We show that the mass–metallicity relation observed in the local universe is due to a more general relation between stellar mass M★, gas-phase metallicity and star formation rate (SFR). Local galaxies define a tight surface in this 3D space, the fundamental metallicity relation (FMR), with a small residual dispersion of ∼0.05 dex in metallicity, i.e. ∼12 per cent. At low stellar mass, metallicity decreases sharply with increasing SFR, while at high stellar mass, metallicity does not depend on SFR.
High-redshift galaxies up to z∼ 2.5 are found to follow the same FMR defined by local Sloan Digital Sky Survey (SDSS) galaxies, with no indication of evolution. In this respect, the FMR defines the properties of metal enrichment of galaxies in the last 80 per cent of cosmic time. The evolution of the mass–metallicity relation observed up to z= 2.5 is due to the fact that galaxies with progressively higher SFRs, and therefore lower metallicities, are selected at increasing redshifts, sampling different parts of the same FMR.
By introducing the new quantity μα= log (M★) −α log (SFR), with α= 0.32, we define a projection of the FMR that minimizes the metallicity scatter of local galaxies. The same quantity also cancels out any redshift evolution up to z∼ 2.5, i.e. all galaxies follow the same relation between μ0.32 and metallicity and have the same range of values of μ0.32. At z > 2.5, evolution of about 0.6 dex off the FMR is observed, with high-redshift galaxies showing lower metallicities.

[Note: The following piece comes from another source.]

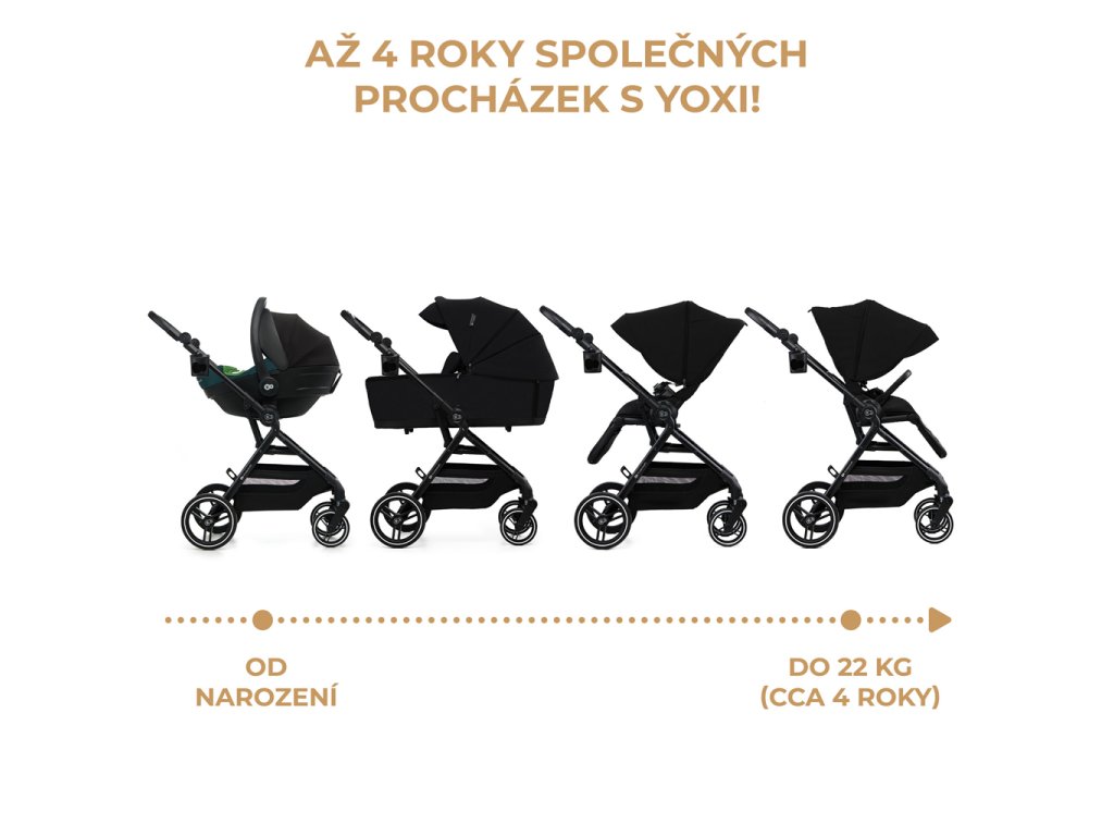 Kočárek YOXI 3 v 1 byl vytvořen pro děti od narození do přibližně 4 let (22 kg). Velká pohodlná korba s měkkou matrací byla navržena speciálně pro miminka, a když dítě vyroste, můžete ji jednoduše vyměnit za sportovní sedačku, kterou lze používat ve směru nebo proti směru jízdy.
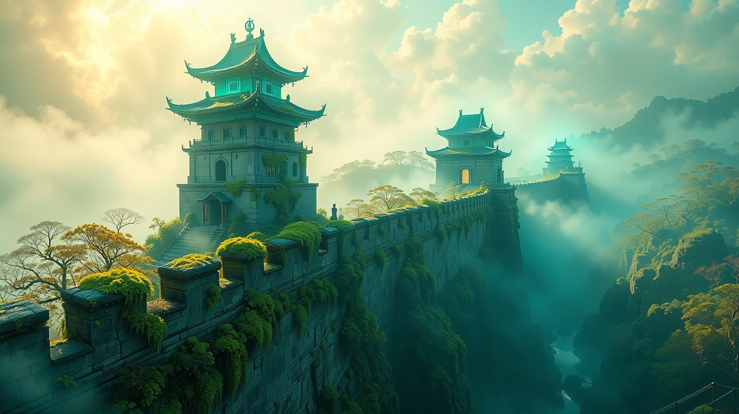 作图提示词:A futuristic visualization of a Ming Dynasty city wall adorned with bioluminescent moss, illuminated by the morning mist, where sunlight refracts through fog, creating a prismatic effect. Holographic depictions of historical figures hover above the stone fortifications, combined with intricate details of moss textures and weathered granite, captured from an aerial perspective with cinematic lighting in jade green and antique gold.

The existence of the FMR can be explained by the interplay of infall of pristine gas and outflow of enriched material. The former effect is responsible for the dependence of metallicity with SFR and is the dominant effect at high redshift, while the latter introduces the dependence on stellar mass and dominates at low redshift. The combination of these two effects, together with the Schmidt–Kennicutt law, explains the shape of the FMR and the role of μ0.32. The small-metallicity scatter around the FMR supports the smooth infall scenario of gas accretion in the local universe.